Tu sais plus de choses que tu ne le crois. Vraiment.

Beaucoup de professionnels attendent d’être “ultra prêts” pour partager. Mauvaise idée. Tu n’as pas besoin d’être le meilleur du monde. Tu dois être utile, clair et cohérent.

Montrer ton expertise, ça peut être simple : expliquer un outil, détailler une méthode, décortiquer un processus, montrer un avant/après, raconter comment tu as résolu un problème. Ce sont ces micro-preuves répétées qui construisent l’autorité.

Et ce point est essentiel : ton personal branding ne peut pas tenir s’il n’est porté que par du style. Il doit être soutenu par du fond.


Étape 6 : Choisir la bonne plateforme (celle où ta cible est, et où toi tu peux tenir)

Tu peux faire le meilleur contenu du monde : si ta cible n’est pas là, ça ne sert à rien.

Chaque réseau a une culture, des formats, une audience. Il faut choisir un endroit où tu te sens suffisamment à l’aise pour être régulier, et où tu peux exprimer ta créativité sans te forcer.

Moi, j’ai une affection particulière pour LinkedIn (oui, je prêche pour ma paroisse), notamment parce que la recherche te donne une lecture immédiate du marché : tu peux savoir combien de personnes portent tel titre, et donc valider qu’il y a du volume.

Mais la vraie règle, ce n’est pas “tout le monde doit être sur LinkedIn”. La vraie règle, c’est : choisis ton terrain et deviens bon dessus.


Étape 7 : Produire un contenu de qualité (pas juste “être présent”)

C’est la base des bases : tu ne peux pas incarner une image forte si tu publies des contenus bâclés juste pour cocher la case “j’ai posté”.

Je ne dis pas que tout doit être parfait. Je dis que tu dois être fier du rendu, et surtout du message. Parce qu’au fond, la communication et le personal branding ne sont pas exactement la même chose.

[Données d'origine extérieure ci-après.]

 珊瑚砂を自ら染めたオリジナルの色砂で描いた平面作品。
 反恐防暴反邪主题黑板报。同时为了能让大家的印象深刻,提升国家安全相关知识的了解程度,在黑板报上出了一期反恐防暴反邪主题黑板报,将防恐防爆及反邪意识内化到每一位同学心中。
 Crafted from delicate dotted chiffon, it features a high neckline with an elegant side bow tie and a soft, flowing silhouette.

La communication, c’est diffuser. Le personal branding, c’est construire une perception. Et tu construis cette perception avec de la qualité, de la cohérence et de la répétition.

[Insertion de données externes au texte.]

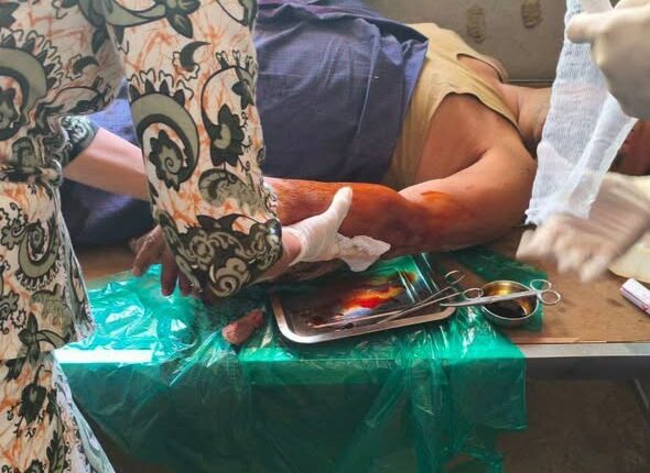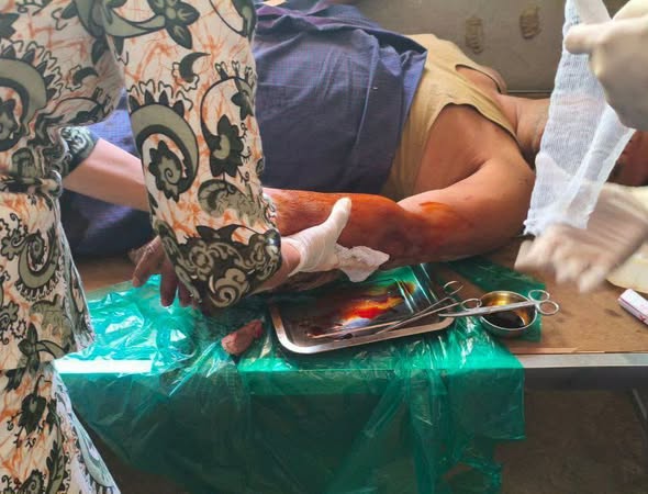 “အရပ်သား ၂ ဦး ထိခိုက်သွားတယ်။ ဦး‌အောင်သန်းလင်းက လက်ကျိုးသွားတယ်။ ဦးသက်အောင်က ခေါင်းပေါက်သွားတယ်”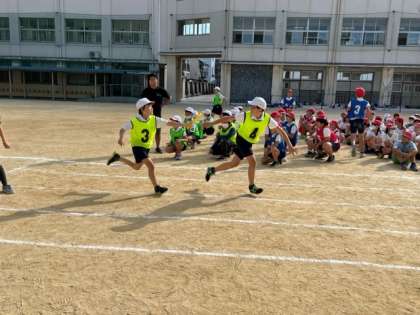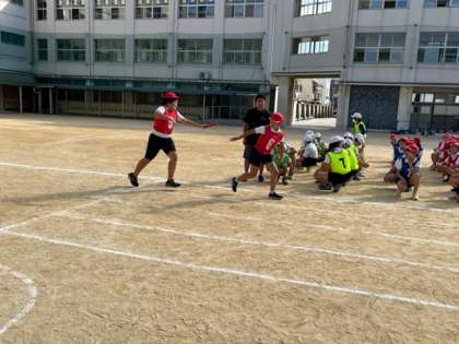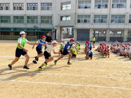 10月12日(木)5時間目、6年は体育でリレーの練習をしていました。スピードに乗ってバトンパスをしていました。

Oui, si tu es perfectionniste, tu peux y passer des heures. Je suis pareille. Et je le dis dans la vidéo : j’ai triché en créant mon studio vidéo, pour pouvoir produire des vidéos propres plus facilement.

Mais ton objectif reste le même, même sans studio : faire en sorte que ton contenu soit un reflet crédible de ce que tu veux incarner.


Ce qu’il faut retenir (et ce que je veux que tu fasses ensuite)

Construire ton personal branding, ce n’est pas trouver “la bonne version de toi” une fois pour toutes. C’est choisir un axe, un rôle, un personnage, puis le nourrir avec une histoire, une esthétique reconnaissable, une expertise visible, une plateforme adaptée, et du contenu de qualité.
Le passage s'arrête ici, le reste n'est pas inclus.